Department of Pharmaceutical Sciences, University of Maryland, Baltimore, MD, United States.
Department of Pharmaceutical Sciences, University of Maryland, Baltimore, MD, United States.
Int J Pharm. 2016 Jun 15;506(1-2):110-5. doi: 10.1016/j.ijpharm.2016.04.013. Epub 2016 Apr 8.
High-throughput screening methods have increased the number of poorly water-soluble, highly permeable drug candidates. Many of these candidates have increased bioavailability when administered with food (i.e., exhibit a positive food effect). Food is known to impact drug bioavailability through a variety of mechanisms, including drug solubilization and prolonged gastric residence time. In vitro dissolution media that aim to mimic in vivo gastrointestinal (GI) conditions have been developed to lessen the need for fed human bioequivalence studies. The objective of this work was to develop an in vitro lipolysis model to predict positive food effect of three BCS Class II drugs (i.e., danazol, amiodarone and ivermectin) in previously developed lipolysis media. This in vitro lipolysis model was comparatively benchmarked against FeSSIF and FaSSIF media that were modified for an in vitro lipolysis approach, as FeSSIF and FaSSIF are widely used in in vitro dissolution studies. The in vitro lipolysis model accurately predicted the in vivo positive food effect for three model BCS class II drugs. The in vitro lipolysis model has potential use as a screening test of drug candidates in early development to assess positive food effect.
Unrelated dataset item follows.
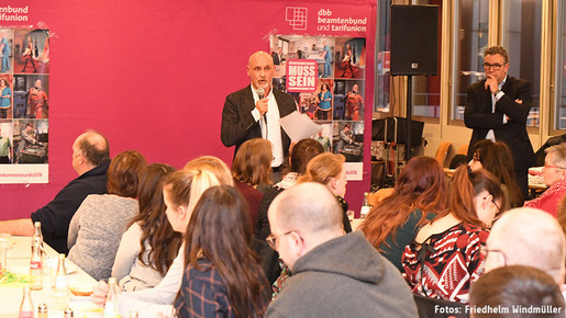 Der stellvertretende Vorsitzende der dbb Bundestarifkommission, Andreas Hemsing, unterstrich die Bedeutung einer bürgernahen Verwaltung mit Verweis auf die besonderen Herausforderungen der vergangenen Jahre. „Die Aufnahme und Versorgung von Menschen auf der Flucht wäre beispielsweise ohne den besonderen Einsatz der Kolleginnen und Kollegen – oft weit über die eigentlichen dienstlichen Pflichten hinaus – nicht möglich gewesen. Das verdient Anerkennung, und zwar nicht nur in Sonntagsreden, sondern auch ganz praktisch in Form von angemessenen Gehältern und ordentlichen Arbeitsbedingungen. Gerade in der Nachwuchsgewinnung muss etwa die derzeitige Befristungspraxis endlich ein Ende haben“, so Hemsing, der auch Bundesvorsitzender der komba gewerkschaft ist.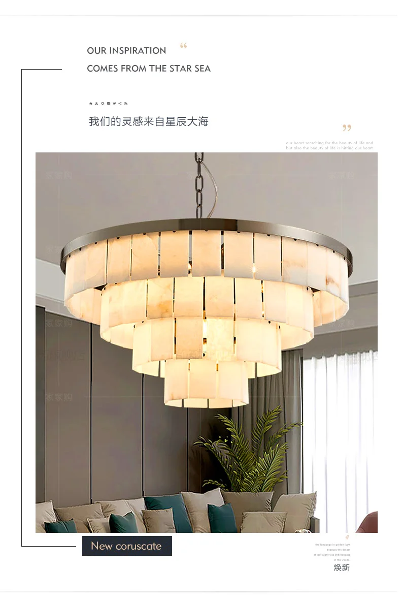 Modern new Chinese marble living room chandelier simple round dining room bedroom villa hotel private room lamps

高通量筛选方法增加了许多水溶性差、渗透性高的候选药物。当这些候选药物与食物一起给药时,许多候选药物的生物利用度会增加(即表现出正的食物效应)。众所周知,食物通过多种机制影响药物的生物利用度,包括药物的溶解和延长胃停留时间。已经开发出旨在模拟体内胃肠道 (GI) 条件的体外溶解介质,以减少对进食人体生物等效性研究的需求。这项工作的目的是开发一种体外脂肪酶模型,以预测三种 BCS 类 II 药物(即丹那唑、胺碘酮和伊维菌素)在先前开发的脂肪酶介质中的正食物效应。该体外脂肪酶模型与 FeSSIF 和 FaSSIF 介质进行了比较,FeSSIF 和 FaSSIF 介质经过修改可用于体外脂肪酶方法,因为 FeSSIF 和 FaSSIF 广泛用于体外溶解研究。该体外脂肪酶模型准确预测了三种模型 BCS 类 II 药物的体内正食物效应。体外脂肪酶模型具有作为早期开发中候选药物筛选测试的潜力,以评估正食物效应。